Why one entrepreneur moved his startup back to Chicago to help business grow

Written by Sam Dewey
Published on Aug. 18, 2015
Why one entrepreneur moved his startup back to Chicago to help business grow

[ibimage==50644==Large==none==self==null]

According to one local entrepreneur, there’s a reason why tech giants like Uber, Luxe, and Sprig choose Chicago as one of the first markets they launch in.

For Mike Preuss (picture right), CEO and co-founder of Visible — an app that makes it easier to share metrics and data between startups and investors — that reason is doubt.

“In the Valley, you get much more of an echo chamber of the hottest companies and trends,” Preuss wrote in an email. “Rightfully so as a lot people on the West Coast by nature are early adopters and will try anything. I think folks from Chicago and the Midwest are a little more skeptical when it comes to technology.”

[ibimage==50654==Medium==none==self==ibimage_align-left]

Skepticism may limit an ecosystem’s level of innovation, he said, but when it comes to validating and building something sustainable, it’s absolutely key.

Preuss, a Chicagoland native who spent four years embedded within San Francisco’s tech hub, recently brought Visible’s headquarters back home to the Windy City. He’s hoping the professed Midwest mentality will help his company grow.

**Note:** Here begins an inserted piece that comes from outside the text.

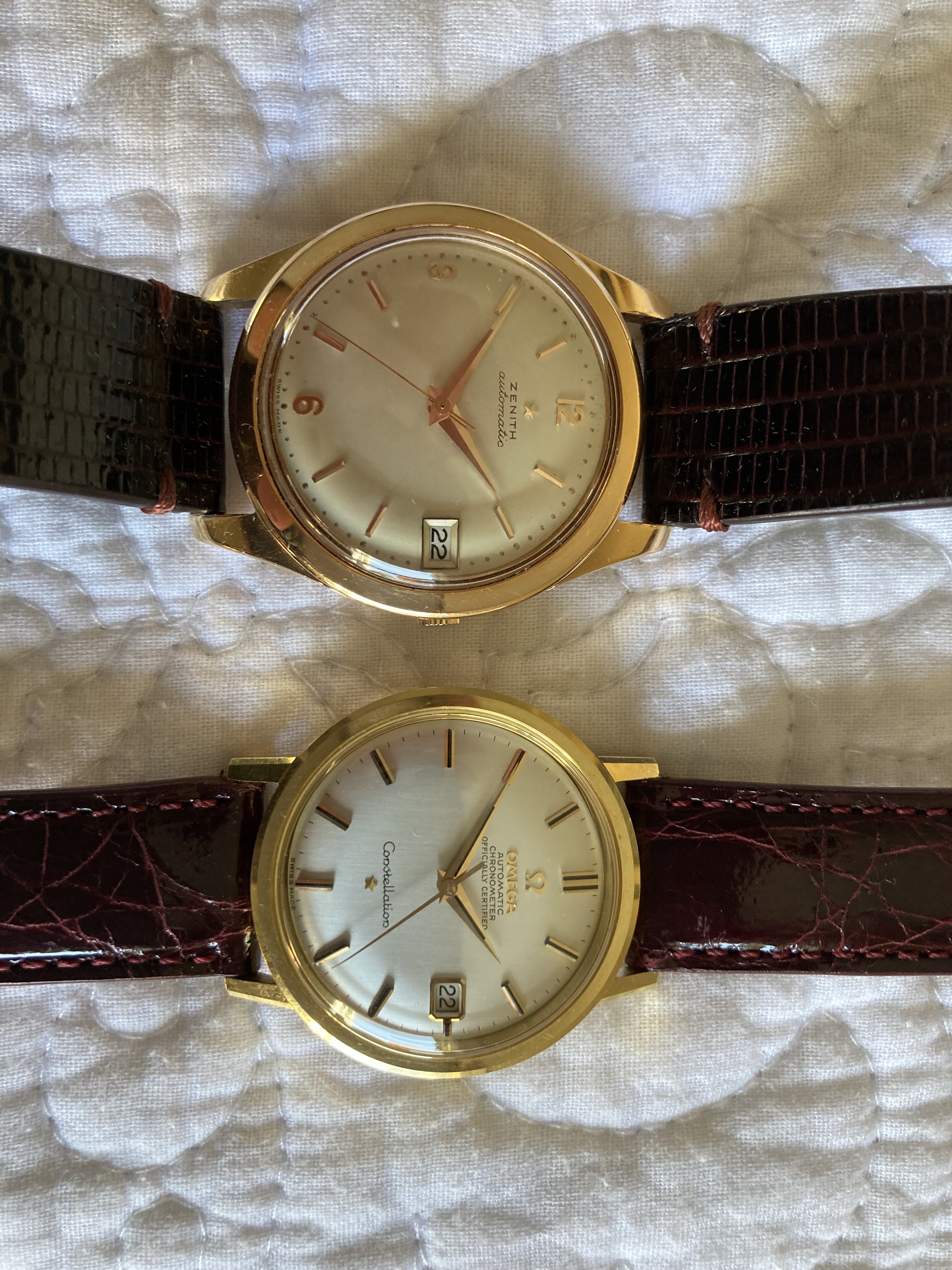 Posts 204 Likes 344 DTMwatch ·Jan 10, 2023 Another shot of the tow gold dress watches from Zenith and Omega. This pair date to around 1958 and 1966, respectively.
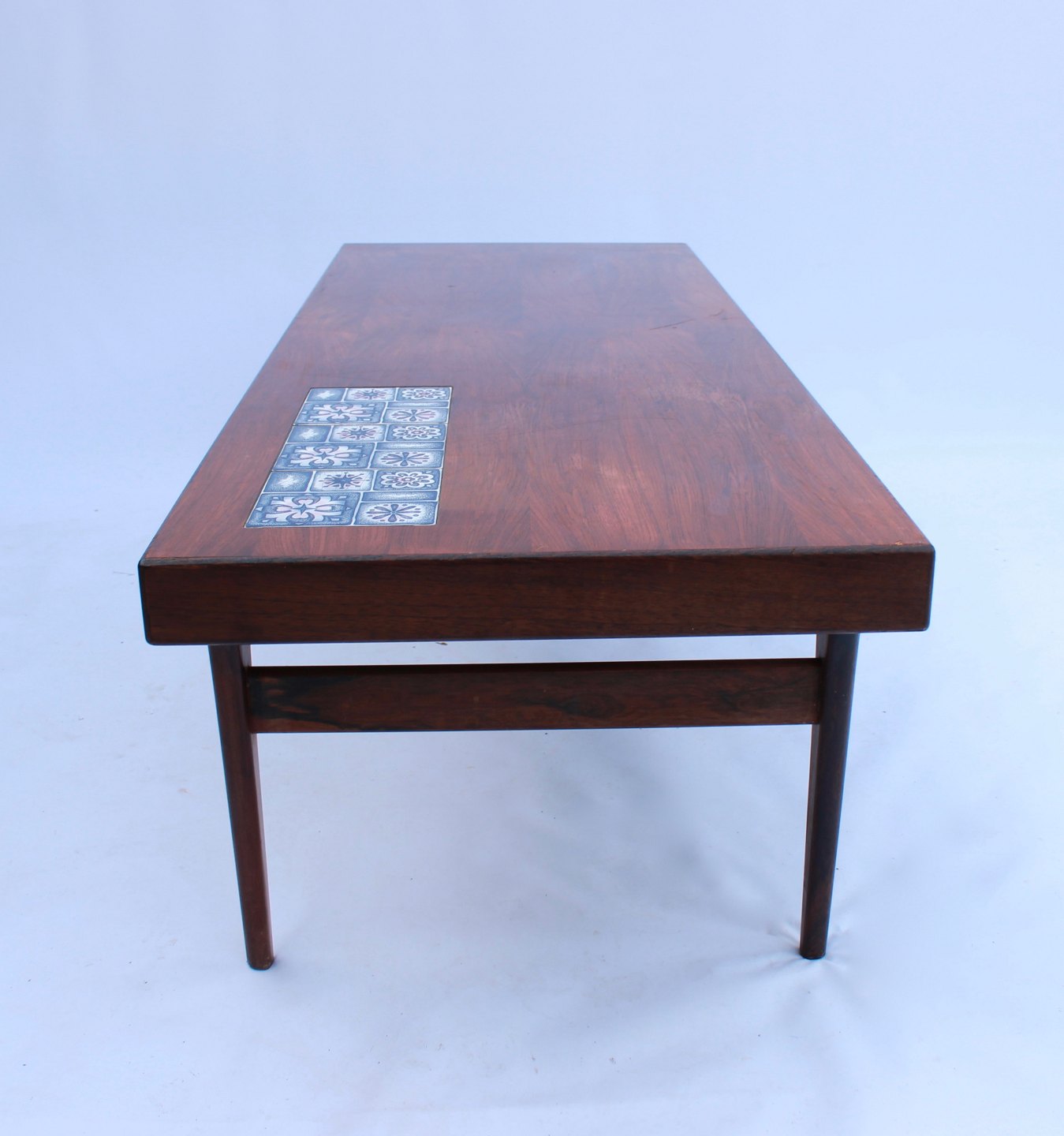 Coffeetable in rosewood with Royal Copenhagen tiles designed by Johannes Andersen and manufactured by Silkeborg Furniture Factory in 1960s. The table is in great vintage condition.

“San Francisco is a pretty incredible place to be if you love startups and technology,” he said. “However, everywhere you turn it is tech, tech, tech and more tech... which can get exhausting. Chicago is much different. Chicago is still in its infancy as a tech community but even in the year I've been back it only seems to be exponentially growing. It feels like there is a much more diverse group of people you can interact with on a professional level every day from traders to CPG Brand Managers [sic].”

The trip back home seems to have had its effect. Visible just launched the second version of their app, and Preuss said that since the new app release, usage is up 115 percent.

Part of that success might be the company’s Chicago-bred focus on long-term growth rather than innovation for innovation’s sake.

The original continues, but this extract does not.